Charles Darwin wollte zunächst Priester der anglikanischen Kirche werden. Als junger Weltreisender entdeckte er, dass die von der Kirche vertretene Schöpfungsgeschichte für die Wissenschaft nur ein Märchen sein konnte. Für Karl Marx, Enkel eines Rabbiners aus Trier, waren die Gesetze der Ökonomie nur Masken von Unterdrückungsverhältnissen - auch im Kapitalismus herrsche so etwas wie ein evolutionäres Gesetz, er gehe unweigerlich seinem Untergang entgegen. Danach die klassenlose Gesellschaft, die glückliche Menschheit. Beide Denker wirken bis heute, auch ex negativo: Darwin mit der von ihm unverschuldeten Suggestion, sein „Survival of the fittest“ sei auch die Generalformel für soziales Geschehen, Marx mit der Erinnerung an den von ihm nicht verschuldeten - furchtbar verlaufenen - Versuch, seine Analyse zur historischen Wirklichkeit zu verhelfen, mit dem Ergebnis eines triumphierenden Kapitalismus.

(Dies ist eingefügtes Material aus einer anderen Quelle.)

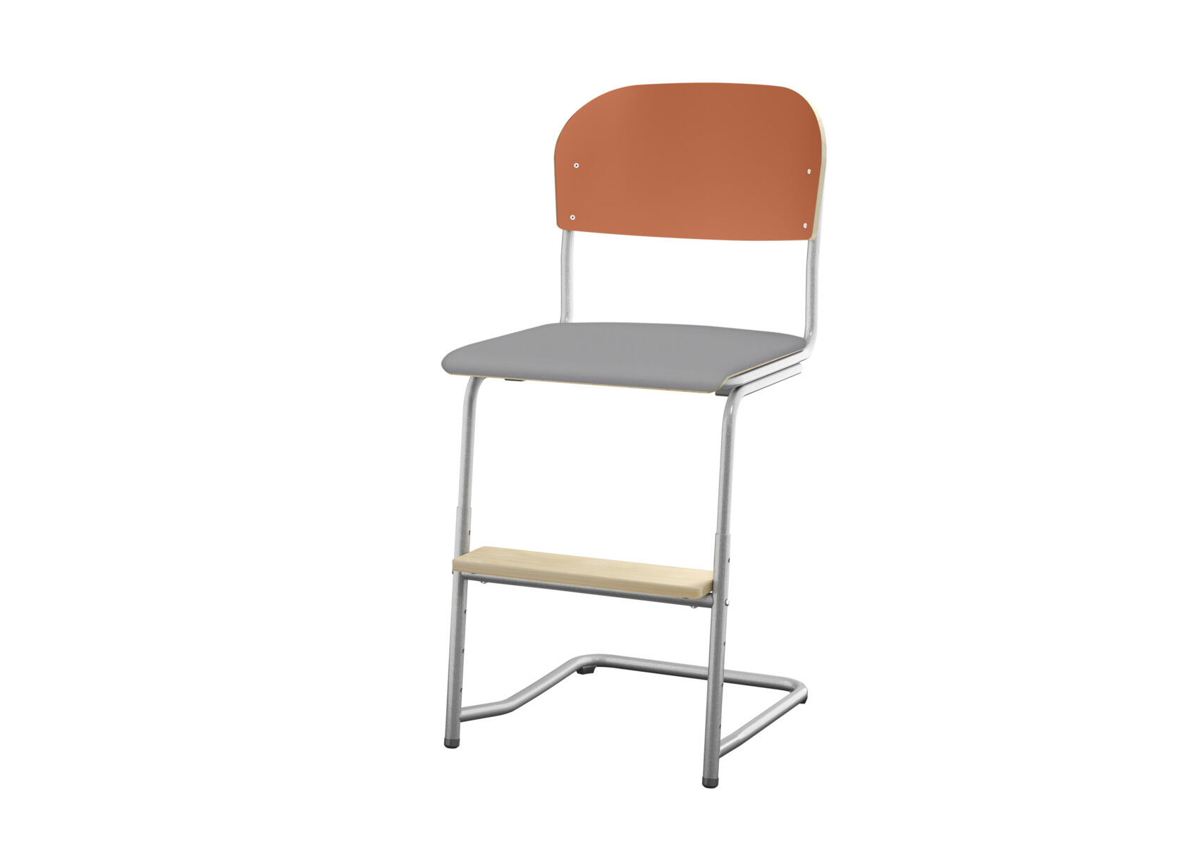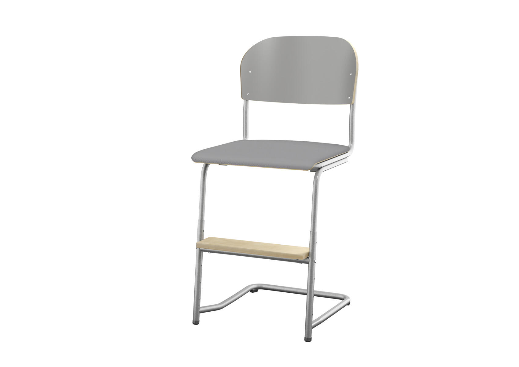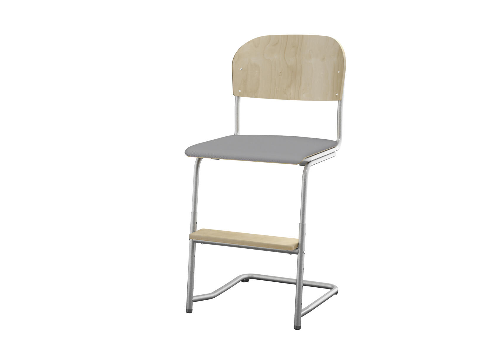 Oppilastuolin istuin ja selkänoja on valmistettu vanerista, pinnassa korkeapainelaminaattia. Istuinkorkeus säädettävissä 38, 43, 46 tai 51 cm. Metalliputkirunko hopeanharmaa RAL 9006. Säädettävät tassut. Lisävalintana istuinpehmuste.
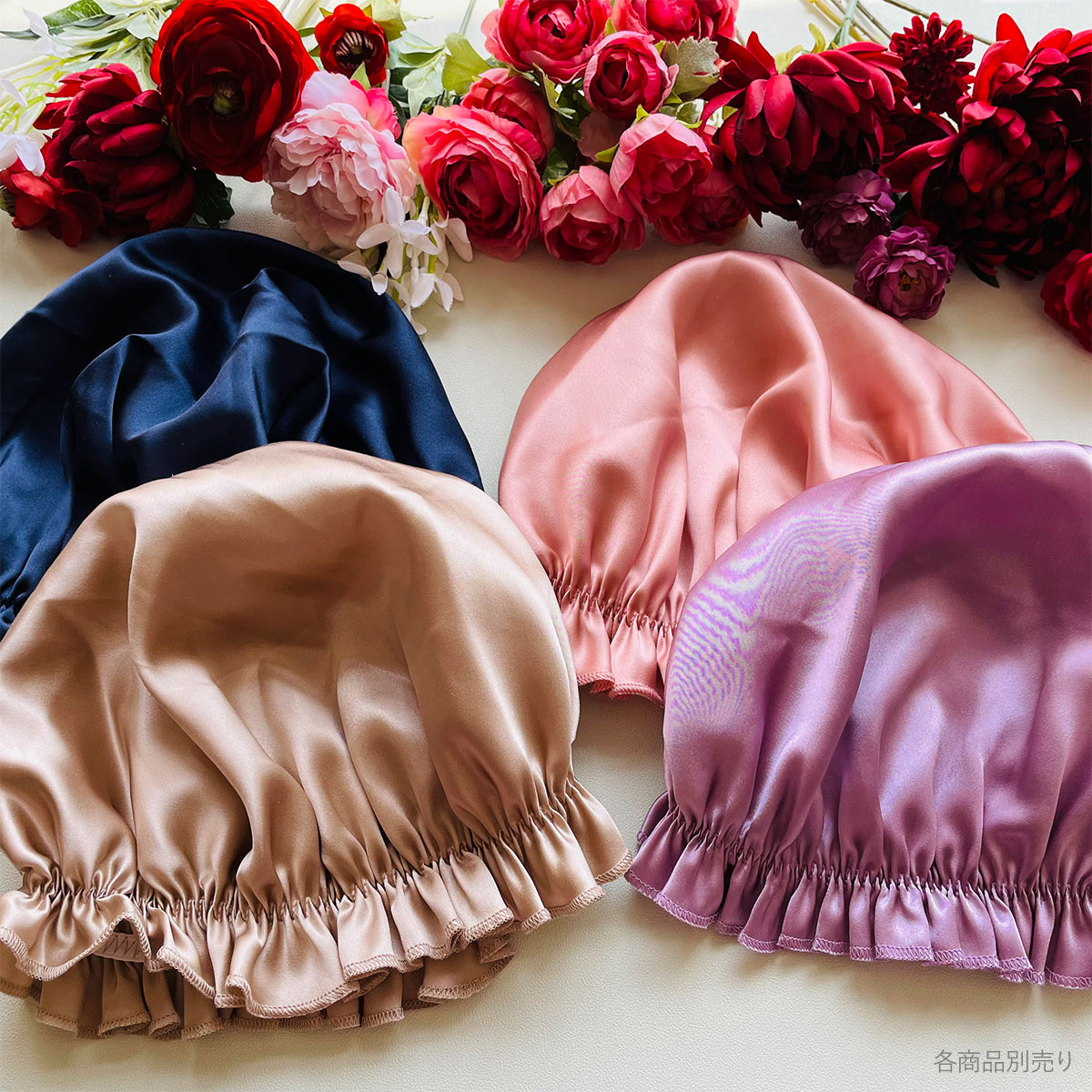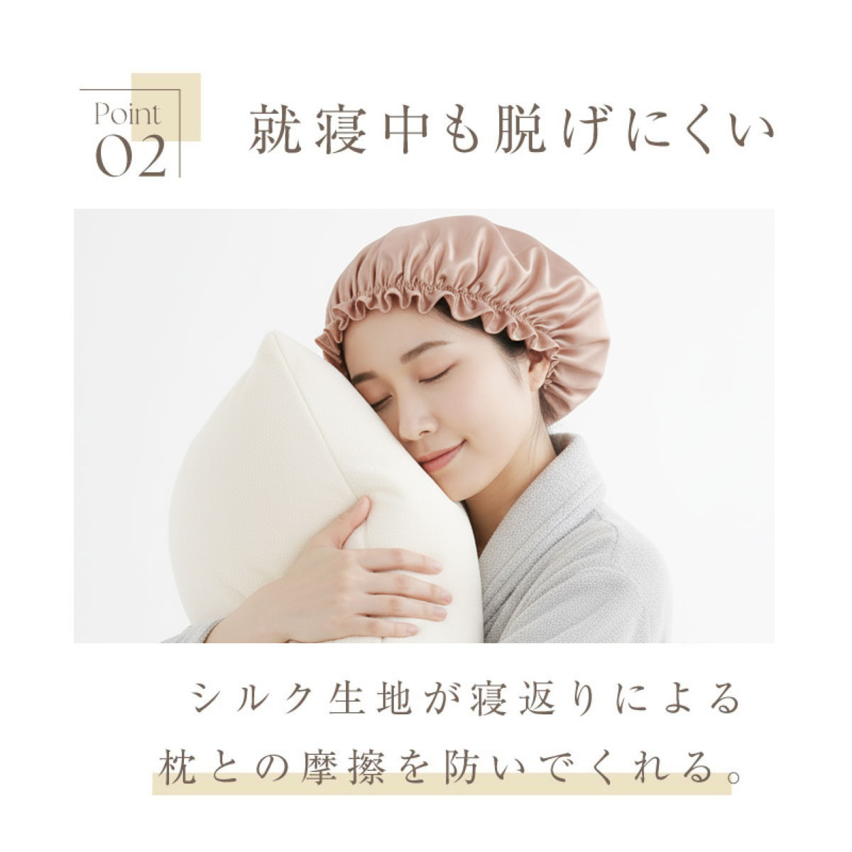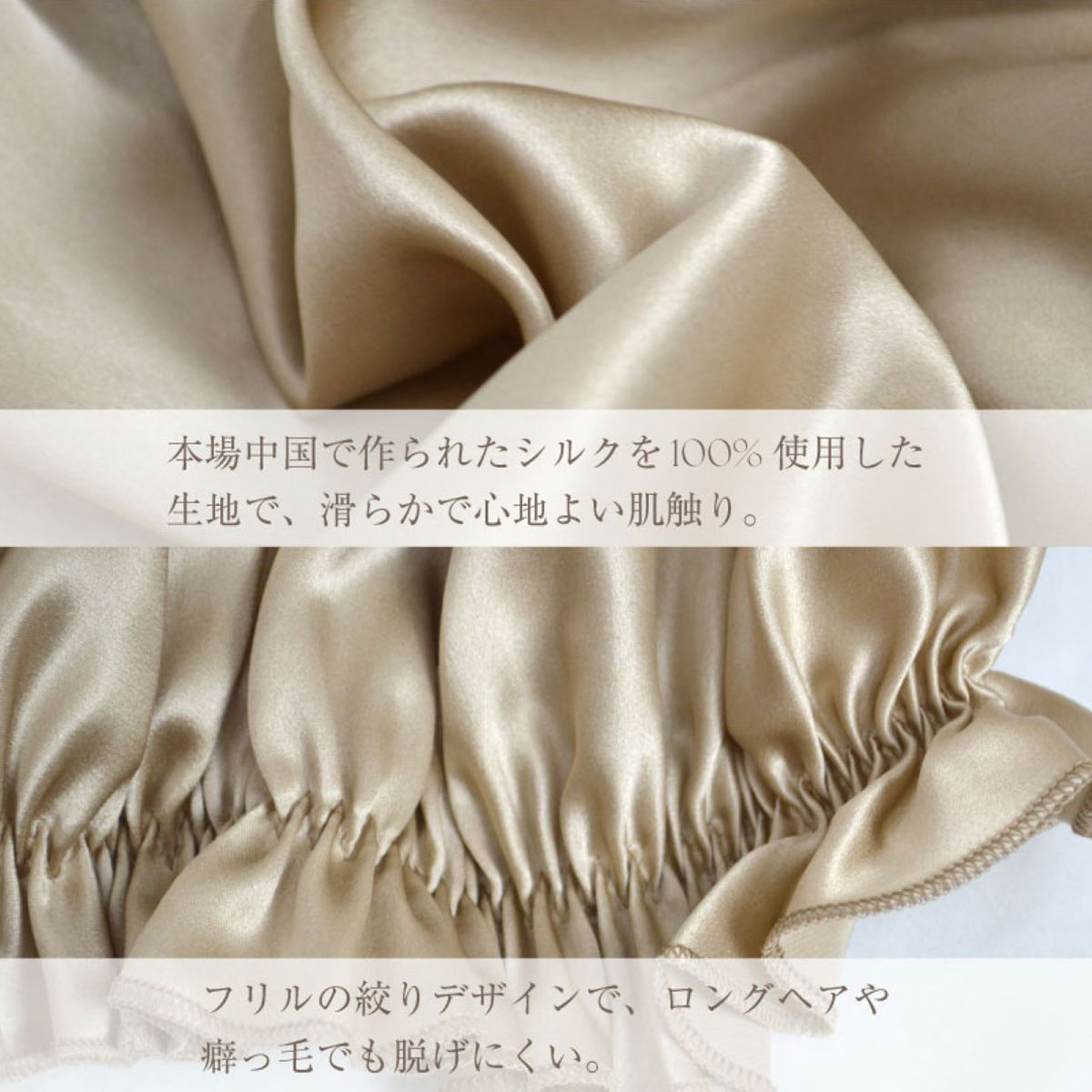 髪と頭皮に優しい シルク100% ナイトキャップ。シルク100%のなめらかな素材を使用した、髪と頭皮に優しいナイトキャップです。

Beide damals schon alten Herren lebten im Jahre 1881 in London, aber begegnen sollten sie sich erst in Ilona Jergers wundervollem Erstling, in dem sie scheinbar mühelos die Hörer zu gebannten Zaungästen des Geschehens macht. Charles Darwin führt mit seiner geliebten Gattin ein geruhsames Leben, Karl Marx fristet mit seiner Frau eines in beengten Verhältnissen. Er kommt mit seinem Werk nicht recht voran, bleibt sein Lebtag das, was er im Grunde immer gewesen ist: ein Selbstzweifler. Der (fiktive) gemeinsame Arzt bringt sie zusammen, er hofft, sie mögen sich gegenseitig aus ihrer Depression helfen. Peter Kaempfe liest unaufdringlich-eindringlich, meisterlich. Jedem zu empfehlen, den die angedeutete Konstellation neugierig macht.
Helmut Kremers
Helmut Kremers
war bis 2014 Chefredakteur der "Zeitzeichen". Er lebt in Düsseldorf. Weitere Informationen unter www.helmut-kremers.de .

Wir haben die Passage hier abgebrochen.